Meski Muhammadiyah banyak berkontribusi terhadap modernisasi umat Islam di
Indonesia, organisasi dan gerakan ini tidak terlepas dari kritik. Sejumlah kritik yang diarahkan
pada Muhammadiyah antara lain:
1) Kaderisasi kompetensi keulamaan di Muhammadiyah terkesan lamban
2) Minim lembaga pencetak kader keulamaan yang solid seperti pesantren
3) Pola ibadah cenderung kering dari nuansa penghayatan dan tasawuf
4) Gerakan dakwahnya bersifat elitis dan akademis di daerah perkotaan.

3. Basis Mahasiswa
Menurut Mujani (dalam Asyari, 2010:1), lebih dari 25 juta muslim Indonesia adalah
pengikut Muhammadiyah. Pada umumnya mereka berada di daerah perkotaan dan merupakan
kaum terpelajar. MM Billah (dalam Yunahar, 1993:11) berpendapat bahwa basis sosial dari
Muhammadiyah adalah sekolah modern, para pedagang, penduduk kota, para petani, dan
mencakup wilayah Jawa dan luar Jawa.
4. Pendekatan Dakwah
Dalam berdakwah, Muhammadiyah cenderung menggunakan pendekatan salaf
(manhaj al-salaf) dan dakwah menyeluruh (dakwah al-Islam kaffah). Dalam realitasnya,
Muhammadiyah memfokuskan dakwahnya pada pendidikan dan pelayanan kesehatan. Hal ini
terbukti dari banyaknya sekolah dan rumah sakit yang didirikan oleh Muhammadiyah.
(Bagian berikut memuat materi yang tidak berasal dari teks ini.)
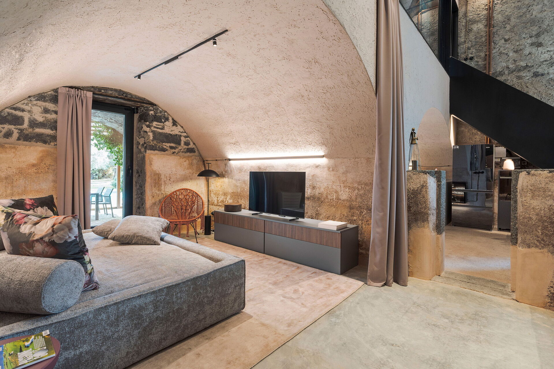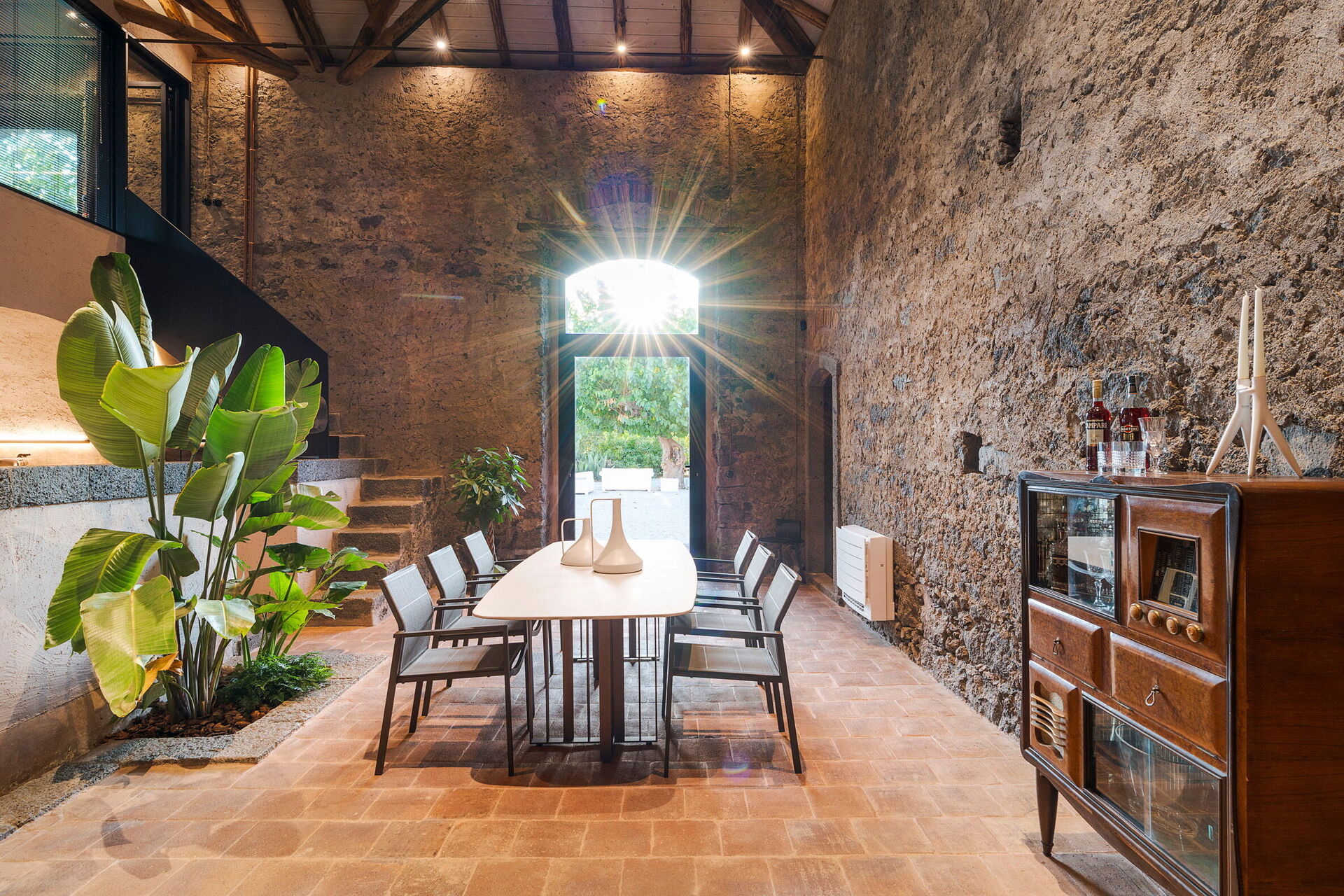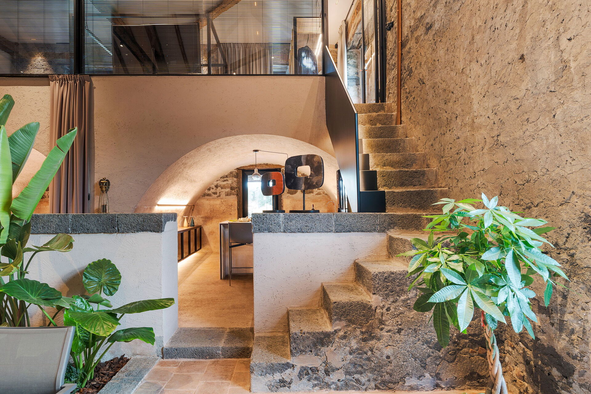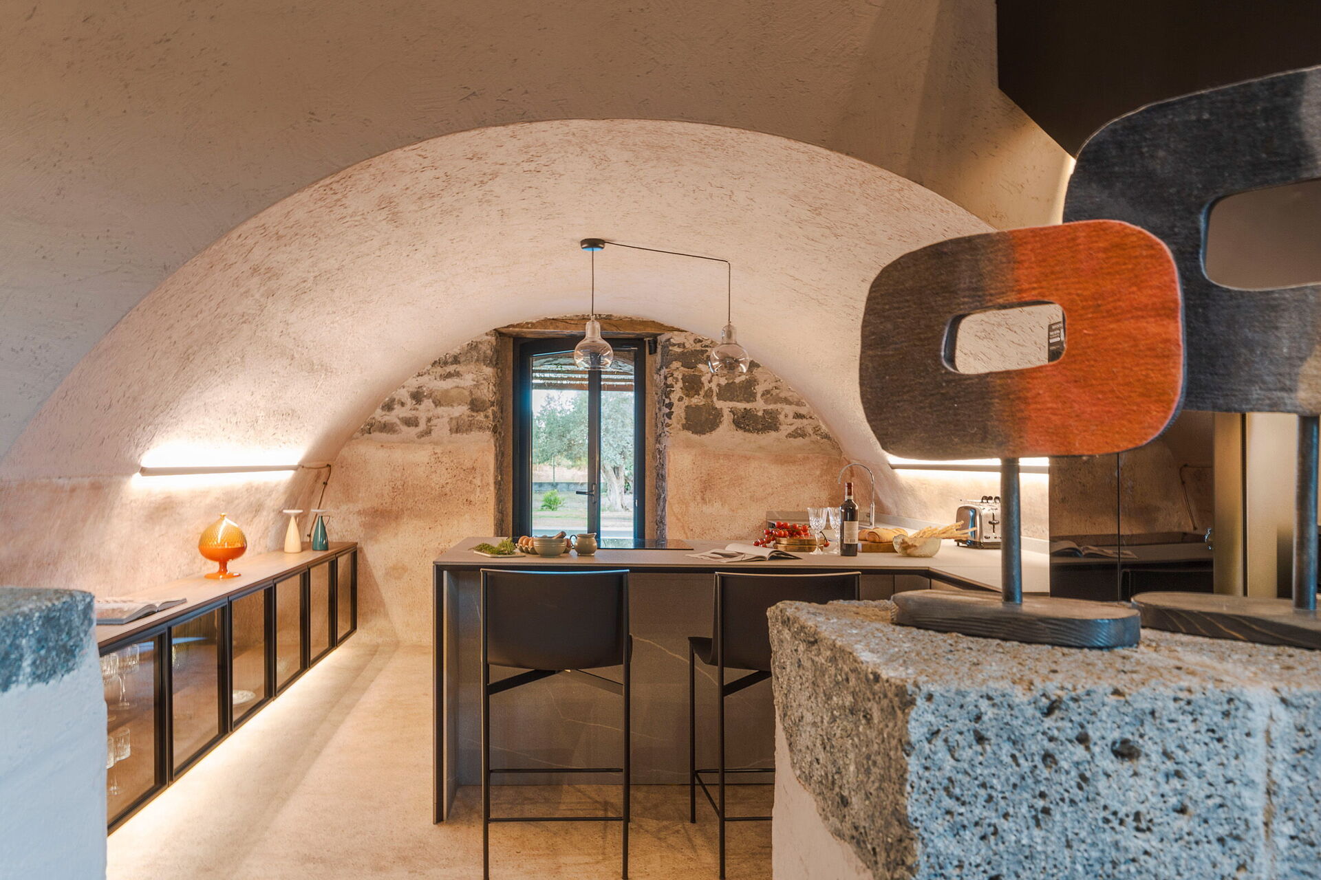 Das typische Landhaus wurde fachmännisch renoviert und in ein exklusives Ferienhaus umgewandelt. Die Restaurierung bewahrte die ursprüngliche Struktur und verbindet sie mit einem modernen, funktionalen Stil. Damit ist Muna Retreat die perfekte Wahl für einen Urlaub in Sizilien. Mit drei Schlafzimmern (eines davon auf einer hellen Galerie) bietet es bequem Platz für bis zu sechs Personen. Die Innenräume sind charmant und geschmackvoll mit viel Liebe zum Detail eingerichtet. Grauer Stein und Holz prägen die gesamte Gestaltung von Innen- und Außenbereich. Traditionelle sizilianische Architektur findet man überall wieder: Balkendecken, Steintreppen und große Backsteinbögen, die die Wände zieren oder die verschiedenen Bereiche voneinander trennen.
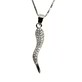 Questa collana è impreziosita da zirconi, e pendente a forma di cornetto.
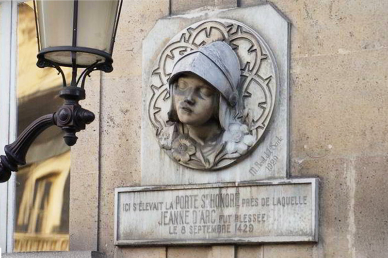 Le 8 septembre 1429, Jeanne d'Arc tente de prendre Paris aux Anglais en attaquant la porte Saint-Honoré. Alors qu'elle tente de franchir les fossés, un arbalétrier la reconnaît et, l'insultant copieusement, lui décoche un carreau d'arbalète dans la cuisse. Au même moment, son porte-étendard reçoit un carreau au pied. Relevant sa visière pour examiner sa blessure et retirer le dard, il en reçoit un deuxième entre les yeux et s'effondre. L'étendard gît dans la poussière. Bien que blessée, Jeanne souhaite reprendre l'attaque le lendemain. Mais le roi Charles VII, qui n'a jamais vraiment voulu prendre Paris, ordonne la retraite et fait même détruire le pont construit pour poursuivre l'assaut. C'est un échec cuisant : Paris ne sera reprise qu'en 1436.
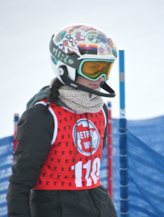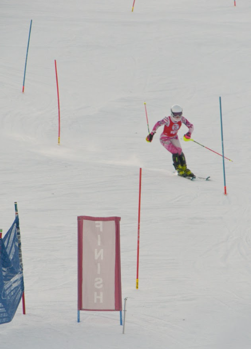 Alpine races are similar to what one sees during the Winter Olympics. Skiers race down a course of “gates,” making quickly timed turns. Each skier gets two runs down the course and the fastest time (minus any penalties, and a missed gate is most common) for the two runs is the medalist for the meet. Individual results are combined by team and the team with the best time is the winner of the meet.

Muhammadiyah juga menggunakan pendekatan ammar maruf nahi mungkar yang bersifat
struktural dari atas ke bawah (melalui kekuasaan).
Dalam dakwahnya Muhammadiyah konsen pada pemurnian dan pembaharuan. Di
samping itu dakwah Muhammadiyah bertumpu pada tiga prinsip yaitu tabsyir
(menyenangkan), islah (memperbaiki), dan tajdid (memperbarui). Prinsip tabsyir adalah
upaya Muhammadiyah untuk mendekati dan merangkul setiap potensi umat Islam (umat
ijabah) dan umat non-muslim (umat dakwah) untuk bergabung dalam naungan petunjuk Islam
dengan cara-cara yang bijaksana, pengajaran dan bimbingan yang baik, dan mujadalah
(diskusi dan debat) yang lebih baik. Prinsip islah ialah upaya membenahi dan memperbaiki
cara ber-Islam yang dimiliki oleh ummat Islam, khususnya warga Muhammadiyah, dengan
cara memurnikannya sesuai petunjuk syarI yang bersumber pada al-Quran dan sunnah Nabi.